La Cour a rejeté l’appel de M. Lagana et confirmé la conclusion de la Cour divisionnaire selon laquelle les demandes d’états financiers vérifiés de plus de deux ans sont prescrites. Sa décision montre comment les droits des actionnaires prévus à la LSAO coexistent avec les délais de prescription de base prévus à l’article 4 de la Loi. Plus particulièrement, la Cour a conclu à l’unanimité que la requête présentée par un actionnaire au titre du paragraphe 253(1) pour faire produire des états financiers vérifiés constitue une « réclamation » visant l’obtention d’une ordonnance corrective, et donc qu’elle est soumise au délai de prescription de base de deux ans. L’obligation de remettre des états financiers vérifiés est liée à un droit des actionnaires. Comme l’obligation de la société correspond à un droit privé, il y a une réclamation, et la Loi s’applique. La Cour a toutefois tenu à préciser que l’applicabilité des délais de prescription aux ordonnances d’exécution dépend de l’interprétation législative du mécanisme en cause. Pour les obligations qui correspondent à des droits privés (comme sous le régime de la LSAO), les délais de prescription s’appliquent; pour celles qui sont d’intérêt public seulement, l’analyse pourrait être différente. 

Points à retenir

La décision revêt un intérêt particulier pour les actionnaires minoritaires de sociétés à actionnariat restreint.
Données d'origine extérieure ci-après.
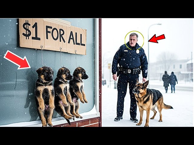 An einem schwülen Nachmittag, als die Sonne unbarmherzig vom Himmel brannte, bemerkte Officer Wagner aus dem Augenwinkel eine seltsame Ansammlung an einer Straßenecke. Ein heruntergekommener Mann stand neben einem handgemalten Schild, auf dem in krakeliger Schrift stand: „Welpen zu verkaufen – 1 $.“ Doch es war nicht das Schild, das Wagner erschaudern ließ. Es war die Art und Weise, wie die „Ware“ präsentiert wurde: Drei winzige, kaum atmende Welpen hingen in einem groben Netzbeutel an einem rostigen Haken, der an einem Laternenpfahl befestigt war. Ihre kleinen Körper zuckten schwach, ihre Augen waren fast geschlossen, und ihre leisen, jämmerlichen Schreie waren kaum mehr als ein Flüstern im Lärm des vorbeifahrenden Verkehrs.

Les sociétés fermées ne font souvent pas vérifier leurs états financiers, vu les coûts élevés. Pourtant, la loi oblige toutes les sociétés à le faire, sauf si leurs actionnaires adoptent une résolution les dispensant de cette obligation. Cela dit, les droits des actionnaires concernant la transparence financière ne sont pas éternels : s’ils ne les font pas valoir en temps utile, ils peuvent perdre accès aux documents des années antérieures. Les actionnaires devraient garder des traces écrites de leurs demandes en ce sens et présenter des requêtes sans trop tarder lorsque les efforts informels échouent.
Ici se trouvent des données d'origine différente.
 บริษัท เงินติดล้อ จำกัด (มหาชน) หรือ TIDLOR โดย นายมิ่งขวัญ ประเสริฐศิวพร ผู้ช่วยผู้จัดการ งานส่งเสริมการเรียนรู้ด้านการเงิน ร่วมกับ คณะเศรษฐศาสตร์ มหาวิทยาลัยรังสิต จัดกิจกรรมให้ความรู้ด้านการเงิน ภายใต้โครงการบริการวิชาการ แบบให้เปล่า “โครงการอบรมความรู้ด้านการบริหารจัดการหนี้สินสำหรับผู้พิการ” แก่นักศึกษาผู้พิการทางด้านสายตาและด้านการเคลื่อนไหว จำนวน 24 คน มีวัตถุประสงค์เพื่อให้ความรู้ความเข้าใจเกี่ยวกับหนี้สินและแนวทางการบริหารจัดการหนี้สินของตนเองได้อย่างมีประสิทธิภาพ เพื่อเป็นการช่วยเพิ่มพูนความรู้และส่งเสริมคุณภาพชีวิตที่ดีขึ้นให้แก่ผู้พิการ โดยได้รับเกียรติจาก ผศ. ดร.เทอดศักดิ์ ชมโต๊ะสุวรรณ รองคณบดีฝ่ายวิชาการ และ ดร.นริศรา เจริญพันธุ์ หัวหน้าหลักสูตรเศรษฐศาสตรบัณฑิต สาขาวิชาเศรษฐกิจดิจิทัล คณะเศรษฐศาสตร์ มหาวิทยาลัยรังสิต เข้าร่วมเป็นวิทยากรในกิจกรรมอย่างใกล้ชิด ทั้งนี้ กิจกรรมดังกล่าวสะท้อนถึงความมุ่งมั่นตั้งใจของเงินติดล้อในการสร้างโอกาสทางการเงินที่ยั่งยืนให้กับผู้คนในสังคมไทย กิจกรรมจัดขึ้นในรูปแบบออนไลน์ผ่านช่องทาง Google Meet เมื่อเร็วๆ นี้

La décision montre aussi que les moyens de défense fondés sur la prescription peuvent être efficaces dans des litiges sur la gouvernance, surtout lorsque de vieux manquements sont reprochés. Cela dit, elle ne libère pas une société de ses obligations continues. Il faut quand même respecter les exigences de la LSAO, sans quoi la société risque de faire l’objet de nouvelles réclamations chaque année

L’affaire Lagana montre l’équilibre que les tribunaux ont trouvé entre la transparence et l’équité procédurale. Les parties aux prises avec des litiges en droit des sociétés devraient revoir leurs documents de gouvernance et agir sans tarder pour garder accès aux recours prévus par la LSAO.